> **RECORDS FOR THE EXERCISE**:
::::

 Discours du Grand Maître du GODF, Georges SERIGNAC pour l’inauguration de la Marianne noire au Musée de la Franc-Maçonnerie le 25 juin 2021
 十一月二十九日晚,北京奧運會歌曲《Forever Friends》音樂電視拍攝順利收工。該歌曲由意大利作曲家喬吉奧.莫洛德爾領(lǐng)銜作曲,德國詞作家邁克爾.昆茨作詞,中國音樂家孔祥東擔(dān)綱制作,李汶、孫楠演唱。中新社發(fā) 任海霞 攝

::::

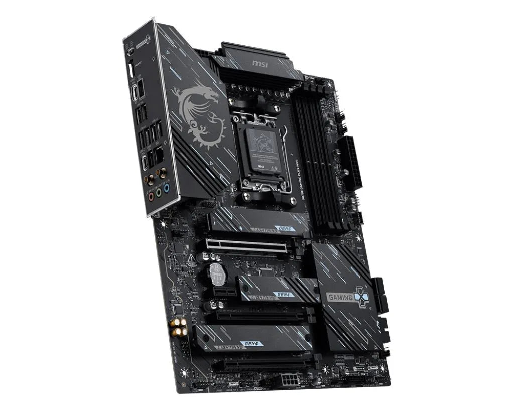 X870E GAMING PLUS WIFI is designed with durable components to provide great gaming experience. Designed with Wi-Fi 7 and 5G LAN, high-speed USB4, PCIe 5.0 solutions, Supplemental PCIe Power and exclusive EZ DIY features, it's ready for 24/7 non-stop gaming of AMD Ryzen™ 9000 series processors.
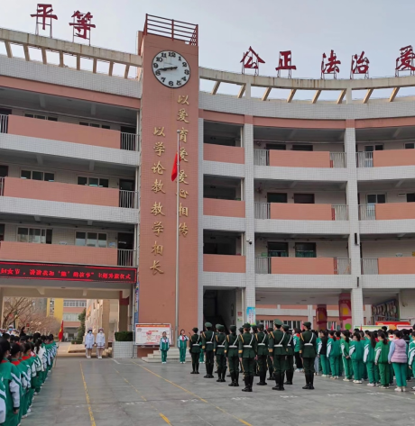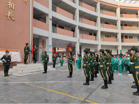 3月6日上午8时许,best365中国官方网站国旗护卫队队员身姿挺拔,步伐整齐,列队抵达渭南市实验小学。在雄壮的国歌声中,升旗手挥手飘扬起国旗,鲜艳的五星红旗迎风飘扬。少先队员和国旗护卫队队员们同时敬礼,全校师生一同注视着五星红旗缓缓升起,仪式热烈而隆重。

::::

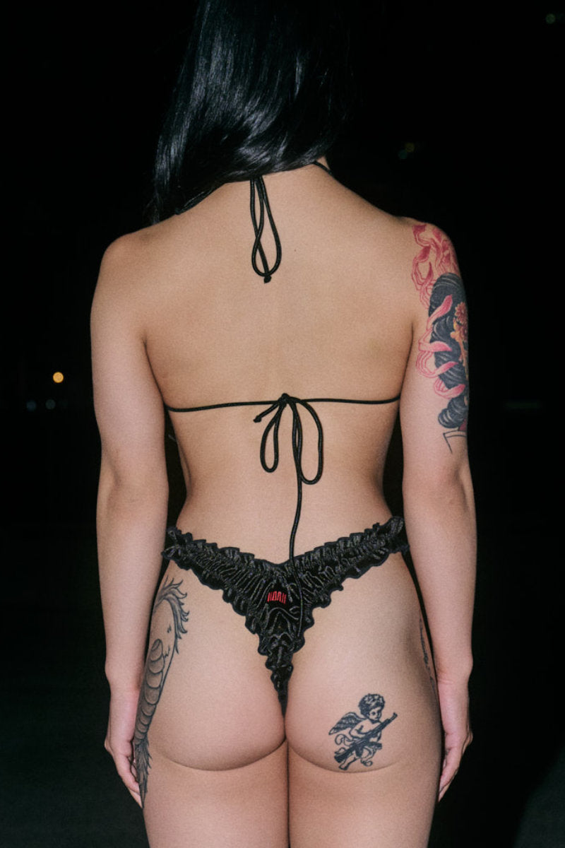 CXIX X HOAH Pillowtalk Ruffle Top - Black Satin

::::

> **TRY IT**: Output only the stretch above from the line with "X870E GAMING PLUS" through the line with "3月6日上午8时许,best", reproduced exactly. Exclude pictures.

> **ANSWER TO THE PROBLEM**:
 X870E GAMING PLUS WIFI is designed with durable components to provide great gaming experience. Designed with Wi-Fi 7 and 5G LAN, high-speed USB4, PCIe 5.0 solutions, Supplemental PCIe Power and exclusive EZ DIY features, it's ready for 24/7 non-stop gaming of AMD Ryzen™ 9000 series processors.
 3月6日上午8时许,best365中国官方网站国旗护卫队队员身姿挺拔,步伐整齐,列队抵达渭南市实验小学。在雄壮的国歌声中,升旗手挥手飘扬起国旗,鲜艳的五星红旗迎风飘扬。少先队员和国旗护卫队队员们同时敬礼,全校师生一同注视着五星红旗缓缓升起,仪式热烈而隆重。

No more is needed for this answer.